Written by queen mudder

Sunday, 3 June 2007

image for UK Corrupt Bastards Club stable jockey Fallon up before the Old Bailey on Tuesday
Fallon in his UK Corrupt Bastards Club flagship colors

City of London - (Ass mess): Legendary ten times racing champion and UK Corrupt Bastards Club stable jockey Kieren Fallon has a date with destiny this Tuesday when he appears at the Old Bailey, going good to very much The Firm, on race-fixing charges.
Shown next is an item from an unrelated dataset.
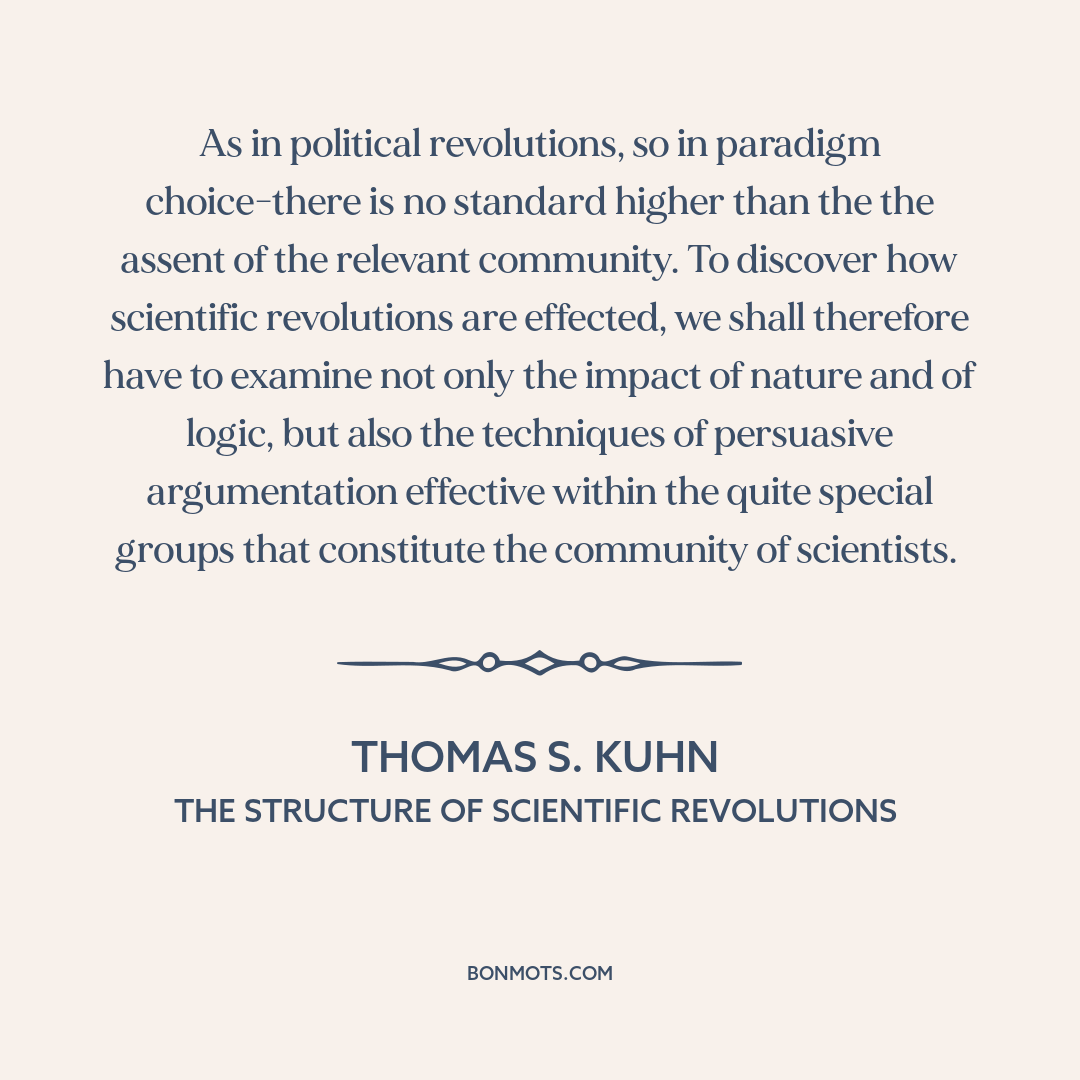 As in political revolutions, so in paradigm choice-there is no standard higher than the the assent of the relevant community. To discover how scientific revolutions are effected, we shall therefore have to examine not only the impact of nature and of logic, but also the techniques of persuasive argumentation effective within the quite special groups that constitute the community of scientists.

The fabled Irish-born rider has been investigated on a raft of bribery-related charges surrounding racehorse-owning oil industry fat cats for whom he has ridden for over a decade and lined his pockets with the bounty of their grateful largesse.

Some of his former grateful horse owners connected to Big Oil have met mysterious deaths in suspicious circumstances, such as a Saudi interior minister Prince Salman who was suddenly scratched from existence shortly before 9/11, just before a spooky accident then claimed one iof his brothers.

City of London cops have set out a daunting case after what they described as a lengthy investigation involving tapping his landline, his mobile, monitoring his official and unofficial bank accounts.

Fallon's coterie of rich and powerful sponsors saw their racing bloodstock soar in worth by hundreds of millions of dollars after impressive wins by the champion jockey.

But a string of what the cops have described as deliberate flops confirmed their suspicions that the jockey may have also been involved in internet betting rings wagering on which prime racing bloodstock would lose prestigeous races in the UK and by what margins.

Later this week Fallon will be appealing for a six month riding ban to be lifted after a cocaone-related incident saw him sidelined since the autumn last year.

And the odds of the fabled rider getting off scot free at the Old Bailey this Tuesday?

Aintgottaprayer.com quotes even money that Fallon will face a full corruption hearing and 6/4 that he will be found guilty, sentenced to two years in the slammer, fined a million pounds, had his riding licence suspended indefinitely and warned off every UK racetrack for the rest of his life.

"Sounds harsh!" a racing industry source said today.

"But then he might to a last minute plea bargain and incriminate all his wealthy horse owners if he thinks he is going down.

"Then heaven help them all!"

The story above is a satire or parody. It is entirely fictitious.